▸ Exercise data:
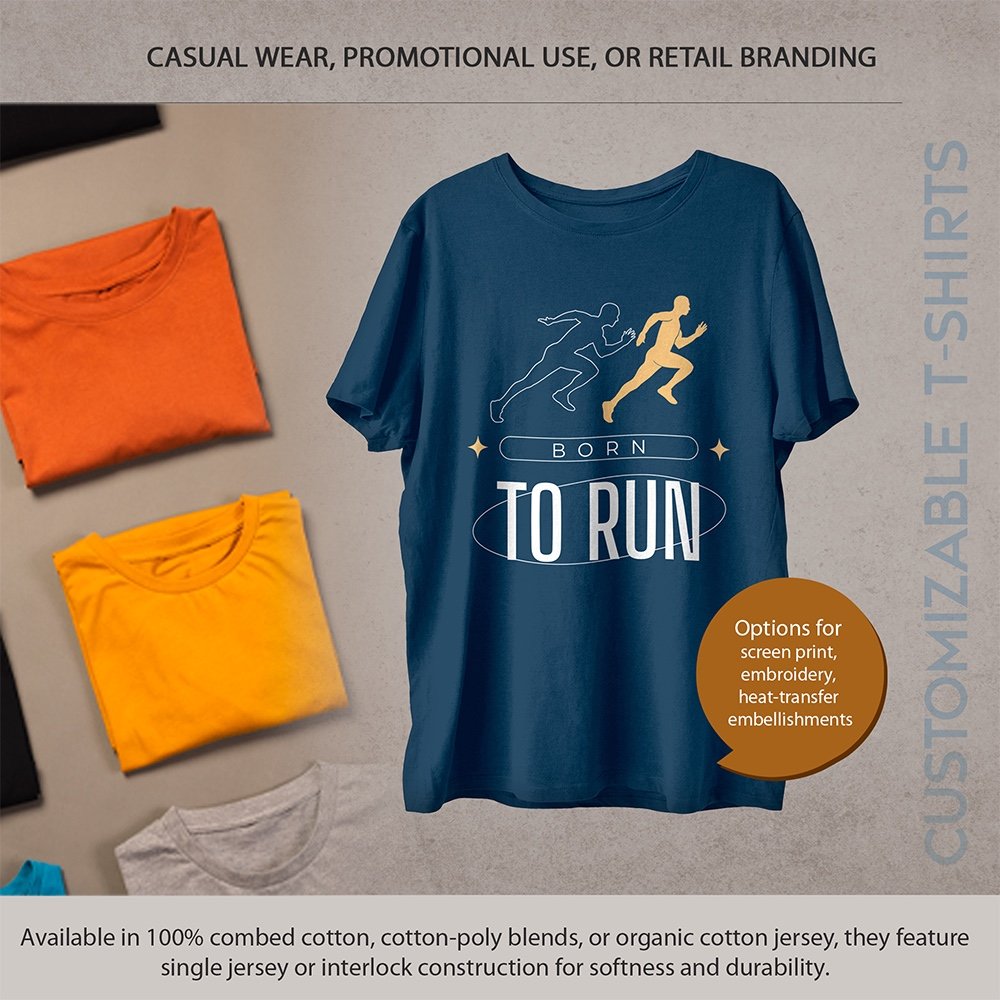 • Designs: Crew neck, V-neck, or round neck with short or long sleeves; options for screen print, embroidery, and heat-transfer embellishments.
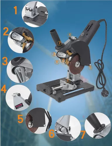 Hecha de materiales resistentes como hierro y plástico de alta calidad, la Base para Amoladora Multifuncional está diseñada para durar, incluso en los trabajos más exigentes.
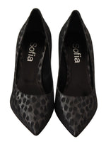 Sofia Black Leopard Leather Stiletto High Heels Pumps Shoes
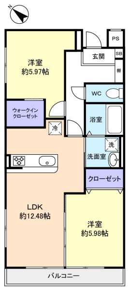 - LDK(12.4畳),洋室(5.9畳),洋室(5.9畳)
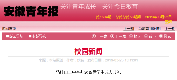 3月25日,《安徽青年報》校園新聞(wén)中報道了我校成人(rén)典禮。
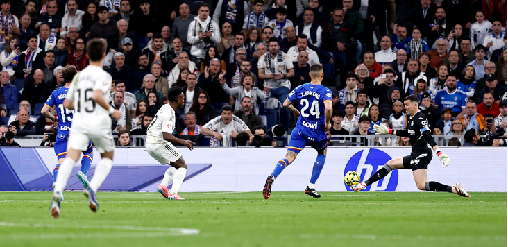 El equipo de Bordalás es tan transparente como difícil: hizo seis faltas en los siete primeros minutos. Nadie lee mejor la letra pequeña del reglamento. Su secreto es anticiparse al peligro, desactivar al rival lejos del área, defender muy alto para que no le hundan. Así recibió al Madrid, condenado a jugar en 30 metros. Un gran plan que pudo estropear Boselli cuando se aturulló en una pelota como último hombre y le regaló una ocasión inmejorable a Vinicius. El pie de David Soria desvió la bala. Caramelos así reparte pocos el Getafe.
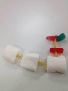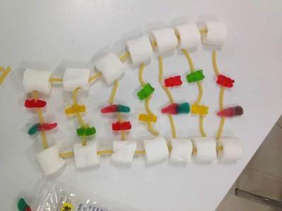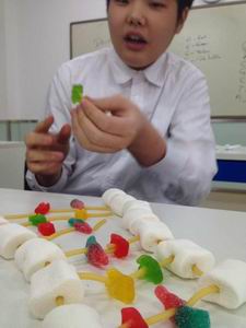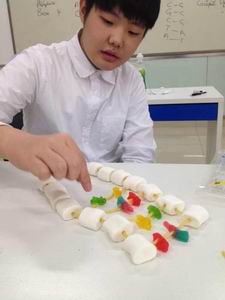 除此之外,为了让学生们更形象地了解DNA 的构成方式,Nathan 老师亲自买来棉花糖和软糖,分发给各组学生,让他们在实践过程中用英语表达自己的亲身体验和感悟;既锻炼了学生们的英语表达能力,又圆了他们做主角的梦想。瞧!大家做得多认真、多形象啊!
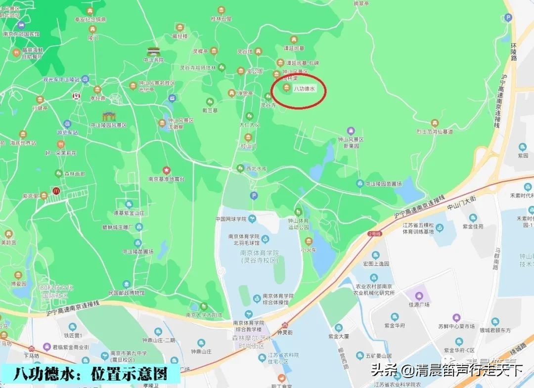 八功德水,位于南京城东中山门外的钟山南麓灵谷景区内。
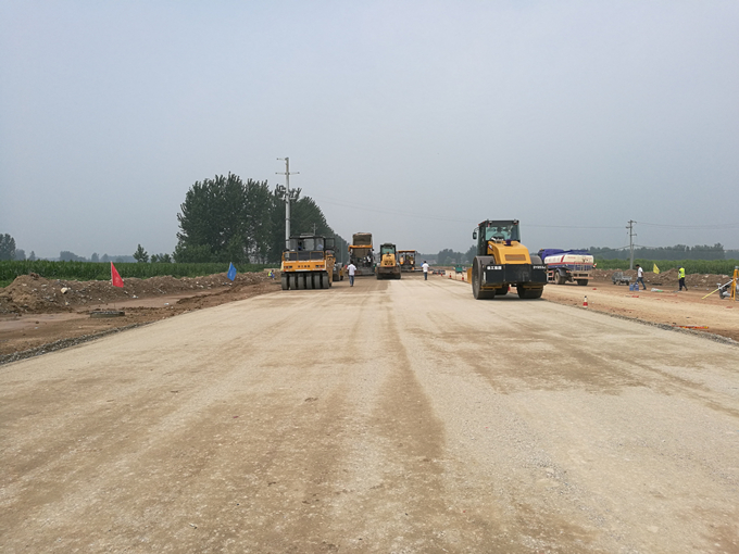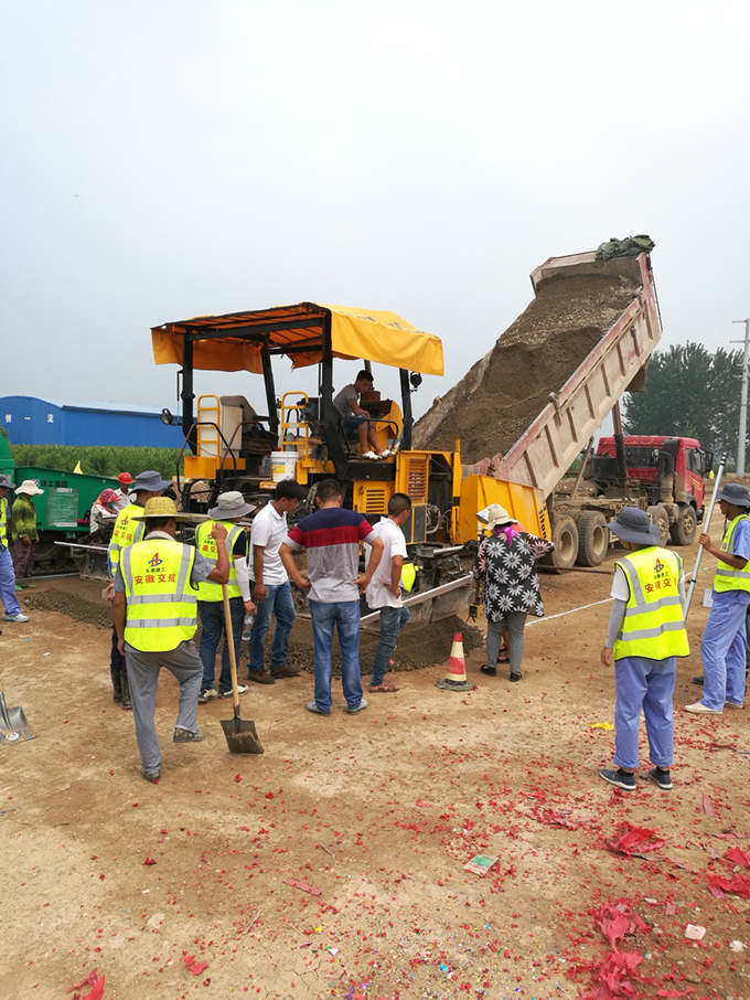 8月5日,蕭楊路水穩(wěn)試驗(yàn)段開始攤鋪,此次水穩(wěn)試驗(yàn)段長度200米。上午10時,隨著第一車水穩(wěn)混合料緩緩倒入攤鋪機(jī)料斗時,標(biāo)志著蕭楊路成功完成工序的轉(zhuǎn)換,也標(biāo)志著我項(xiàng)目進(jìn)入路面基層施工的新階段。
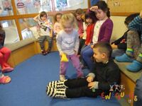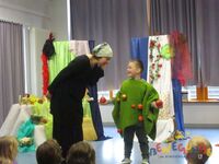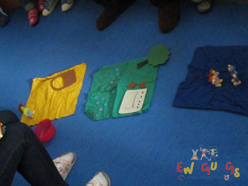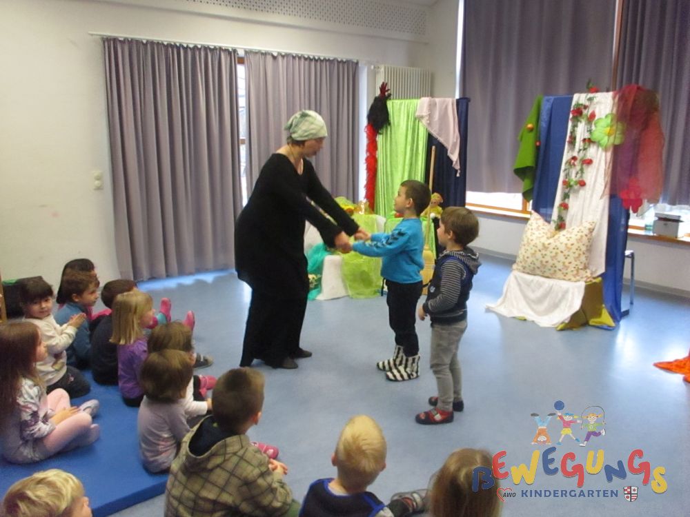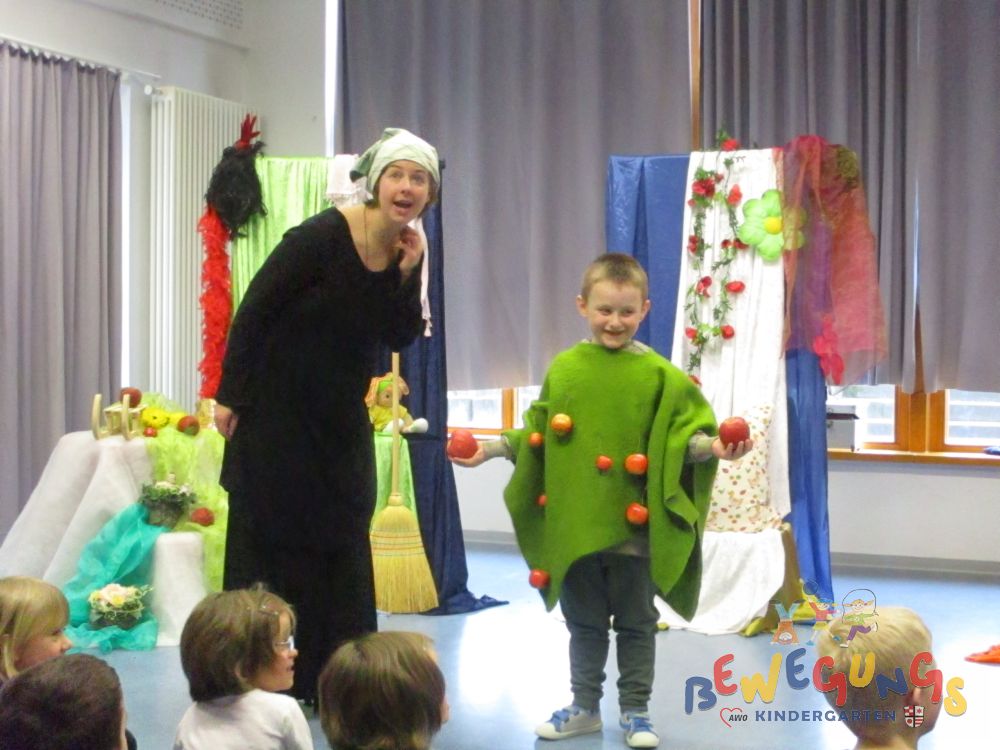 Im Morgenkreis haben wir das Märchen „Frau Holle“ aus unserem goldenen Märchenbuch vorgelesen, mit Biegepuppen und Legematerial erweckten wir das Märchen zum Leben, die Kinder spielten das Theater „Frau Holle“ und waren dabei Schauspieler und Erzähler.

▸ To do:
Reproduce every record in full. Leave out the images.

▸ Exercise result:
 • Designs: Crew neck, V-neck, or round neck with short or long sleeves; options for screen print, embroidery, and heat-transfer embellishments.
 Hecha de materiales resistentes como hierro y plástico de alta calidad, la Base para Amoladora Multifuncional está diseñada para durar, incluso en los trabajos más exigentes.
 Sofia Black Leopard Leather Stiletto High Heels Pumps Shoes
 - LDK(12.4畳),洋室(5.9畳),洋室(5.9畳)
 3月25日,《安徽青年報》校園新聞(wén)中報道了我校成人(rén)典禮。
 El equipo de Bordalás es tan transparente como difícil: hizo seis faltas en los siete primeros minutos. Nadie lee mejor la letra pequeña del reglamento. Su secreto es anticiparse al peligro, desactivar al rival lejos del área, defender muy alto para que no le hundan. Así recibió al Madrid, condenado a jugar en 30 metros. Un gran plan que pudo estropear Boselli cuando se aturulló en una pelota como último hombre y le regaló una ocasión inmejorable a Vinicius. El pie de David Soria desvió la bala. Caramelos así reparte pocos el Getafe.
 除此之外,为了让学生们更形象地了解DNA 的构成方式,Nathan 老师亲自买来棉花糖和软糖,分发给各组学生,让他们在实践过程中用英语表达自己的亲身体验和感悟;既锻炼了学生们的英语表达能力,又圆了他们做主角的梦想。瞧!大家做得多认真、多形象啊!
 八功德水,位于南京城东中山门外的钟山南麓灵谷景区内。
 8月5日,蕭楊路水穩(wěn)試驗(yàn)段開始攤鋪,此次水穩(wěn)試驗(yàn)段長度200米。上午10時,隨著第一車水穩(wěn)混合料緩緩倒入攤鋪機(jī)料斗時,標(biāo)志著蕭楊路成功完成工序的轉(zhuǎn)換,也標(biāo)志著我項(xiàng)目進(jìn)入路面基層施工的新階段。
 Im Morgenkreis haben wir das Märchen „Frau Holle“ aus unserem goldenen Märchenbuch vorgelesen, mit Biegepuppen und Legematerial erweckten wir das Märchen zum Leben, die Kinder spielten das Theater „Frau Holle“ und waren dabei Schauspieler und Erzähler.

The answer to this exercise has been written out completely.